Se, in quanto a visione poetico/stilistica, Avengers Infinity War è un film più deludente di altre incarnazioni del MCU, l’effetto cumulativo dell’incontro tra personaggi, citazioni, ammicchi è calcolato per soddisfare la vocazione più enciclopedica dei fan. È infatti con una gigantesca reunion – tradotta in due ore e quaranta di greatest hits sovrapposti uno all’altro – che Kevin Feige, l’architetto principale, e in questo il vero autore del MCU, ha scelto di celebrarne il decimo anniversario.

 

 

Prima di approdare alla Marvel, con Captain America: The Winter Soldier e Captain America: Civil War, Joe e Anthony Russo, i registi di Infinity War – parte di una storia divisa in due parti, di cui la seconda è prevista per il maggio 2019 – si sono formati su serie tv come Arrested Development e Community.
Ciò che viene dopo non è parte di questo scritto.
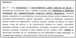 A partir desta segunda-feira o vice-prefeito Carlinhos Donato terá mais funções na prefeitura de Boa Esperança.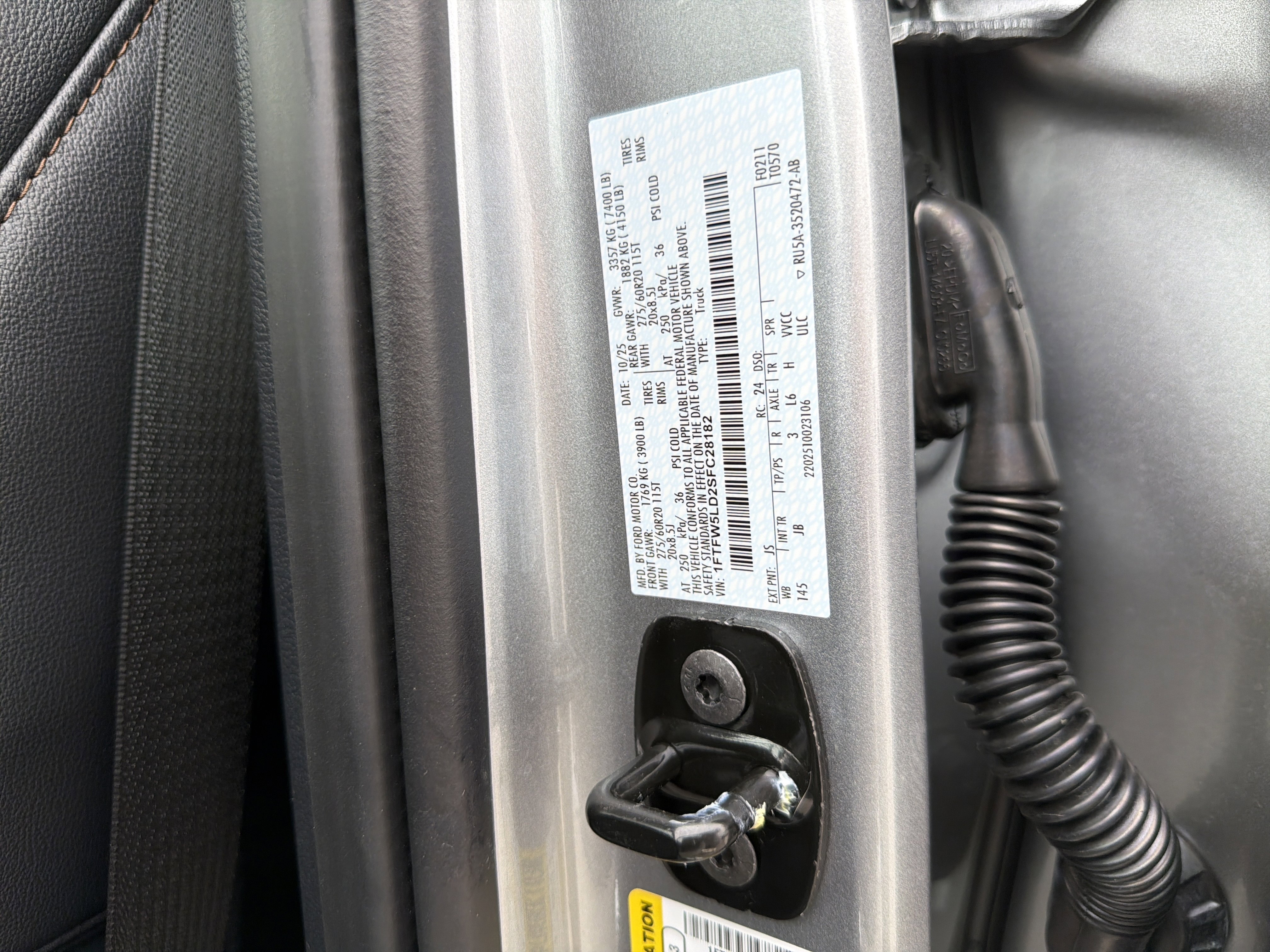 • VIN # 1FTFW5LD2SFC28182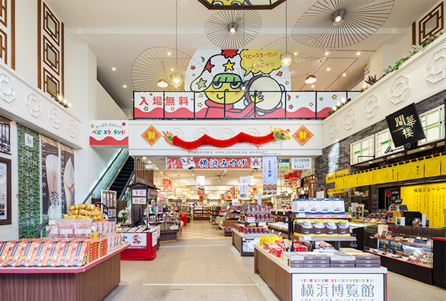 横浜博覧館(よこはまはくらんかん)は、中華街最大級のギフトショップをはじめ、ベビースターの出来たてが食べられる横浜おやつFactoryや、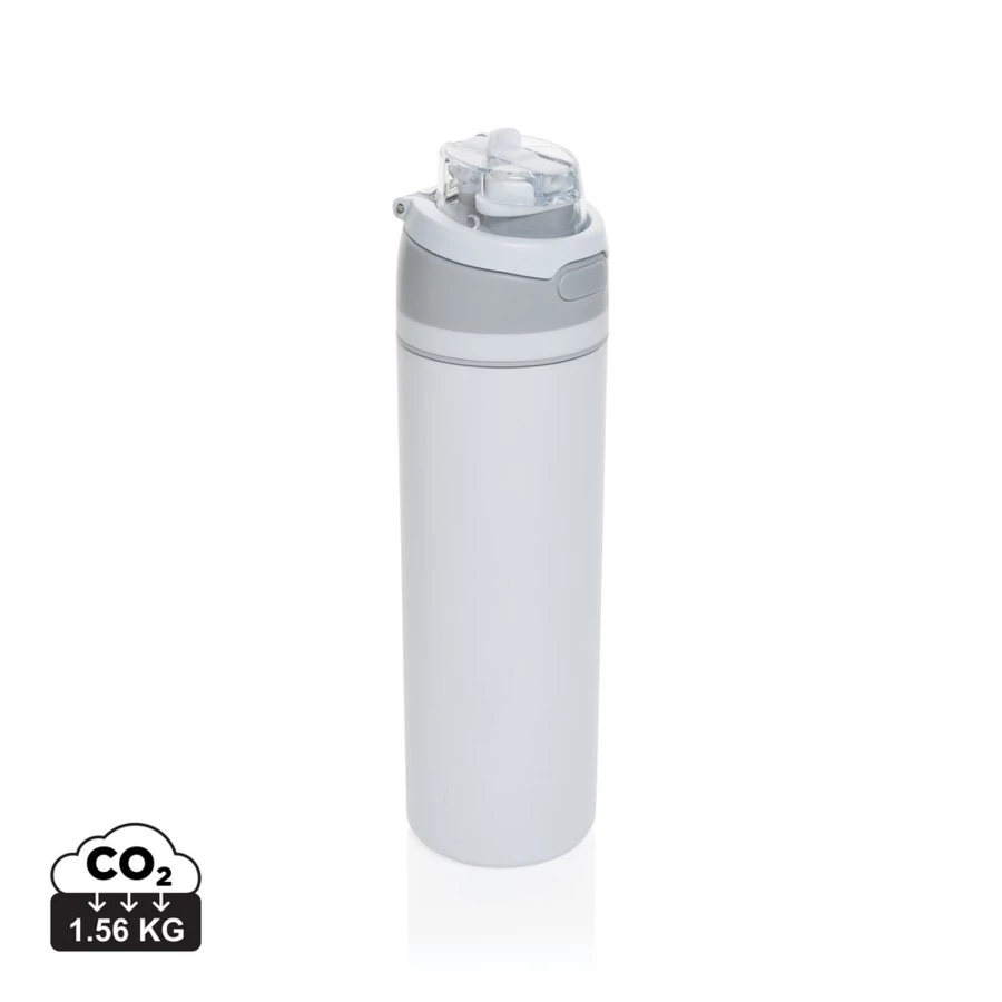 Butelka sportowa 700 ml, posiada wbudowaną słomkę, produkt wykonany ze stali pochodzącej z recyklingu z certyfikatem RCS, zapakowana w pudełko upominkowe FSC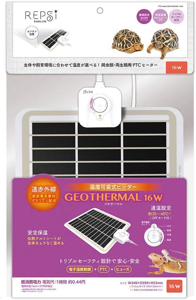 生体や飼育環境に合わせて約25~45℃の範囲で温度が選べる、飼育容器の外から暖める爬虫類・両生類用ヒーター。16W。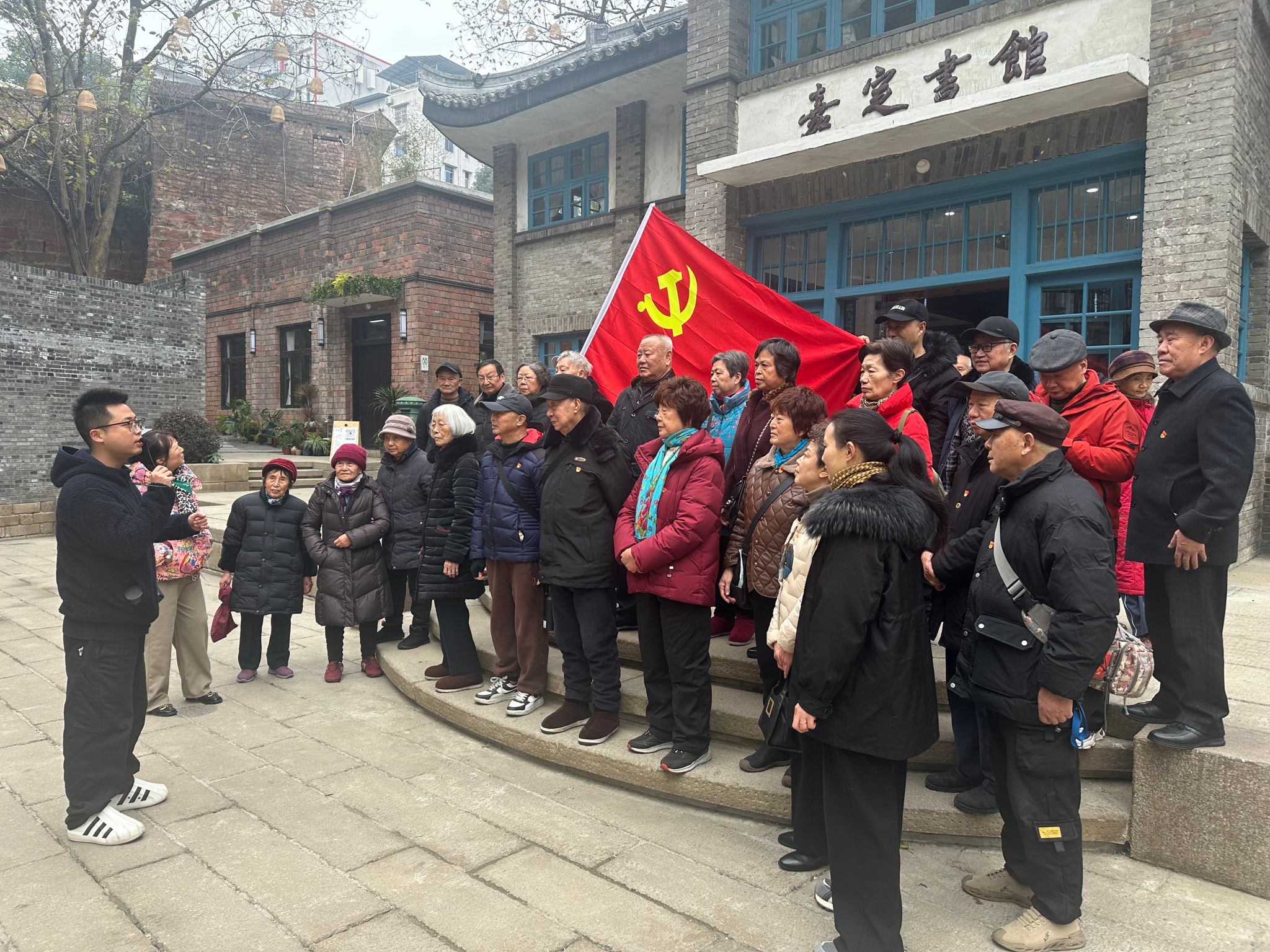 2026年1月15日上午10时,乐山市中区海棠街道县街社区党委联合我校马克思主义学院,在乐山市嘉定书馆开展主题党日活动。马克思主义学院教师刘晓锐,以“嘉定书香传文脉,乐山精神映初心”为题作宣讲。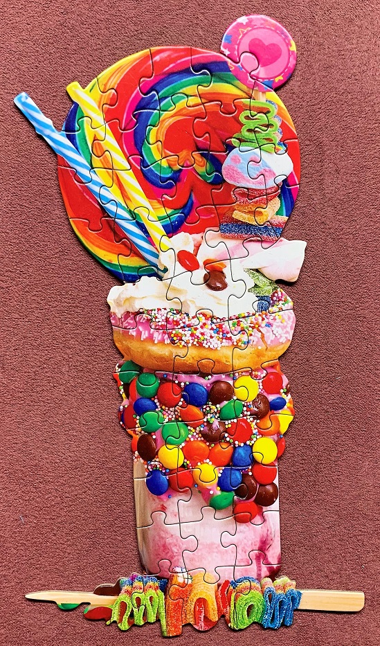 Alas, today is the end of the freak shakes. While the images are so bizarre to me, the puzzles themselves were a joy to put together. Little puzzles I can do quickly have become some of my favorites. While I have completed (very) large piece count puzzles, as I age the smaller ones seem to bring me more pleasure. These sets full of a dozen or more small puzzles to assemble bring a smile to my face, and give me a sense of accomplishment with each completed image. I’m in love with them!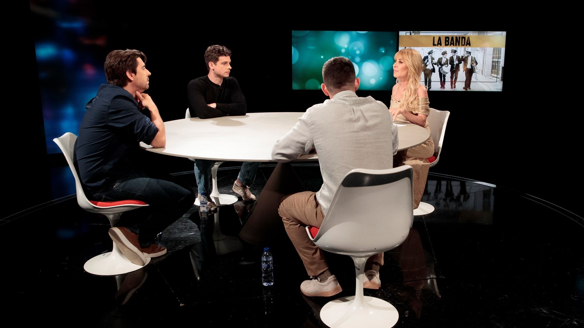 Cayetana Guillén Cuervo está en plató con Roberto Bueso director de 'La banda' y con los protagonistas, Gonzalo Fernández y Xavi Giner.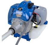 Объем 52см3; мощность 3,0кВт(4,1л.с.); ширина (нож/ леска) 254/400мм, двигатель 2-х такт с воздушным охлаждением ручной стартер, полуавтоматическая подача лески. Комплект: двигатель, разъёмная штанга, катушка, 3-х лопаст.нож, ремень плеч., налад комплек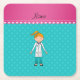 Custom name blonde girl doctor turquoise dots square paper coaster

La loro vocazione comica prevale spesso in questo film, effettivamente parlatissimo. È una struttura, quella del continuo scambio di battute dei personaggi, un po’ da sitcom, che contrasta in modo strano con l’anima profondamente dark, wagneriana, della trama degli eventi e soprattutto con il gran finale iper drammatico – giocato in montaggio parallelo tra una battaglia nella savana di Wakanda e una tra i canyon vetrati di New York – che (ci) avrebbe scosso ancora di più se filtrato da un occhio grandioso e pittorico. Le sorelle Wachowski, invece dei Russo bros.

 

Thanos (Josh Brolin dietro alla computer grafica con enorme mento rugoso e sadismo affilato) è il cattivo protagonista a caccia delle pietre colorate che, una volta incastonate nel suo guantone speciale, gli permetteranno di distruggere metà della popolazione terrestre, inclusi i supereroi. È il suo piano per rimettere il pianeta sul giusto corso. Dolorosissimo già l’inizio, con Thor e l’inaffidabile fratello Loki, prigionieri del gigante guerriero spaziale, un suo scheletrico ma potente inviato che dà del filo da torcere a Doctor Strange, mentre gli Avengers (dopo Civil War) sono smembrati e non si parlano più.
Applausi a scena aperta per l’entrata in scena – annunciata dal tocco pop musicale ironico che accompagna i film di James Gunn – dei Guardiani della galassia, con Peter Quinn che si mette subito in macho-competizione con Thor. Ma l’applauso più grande è riservato al ritorno a Wakanda. L’eco ancora fresco dello straordinario successo di Black Panther.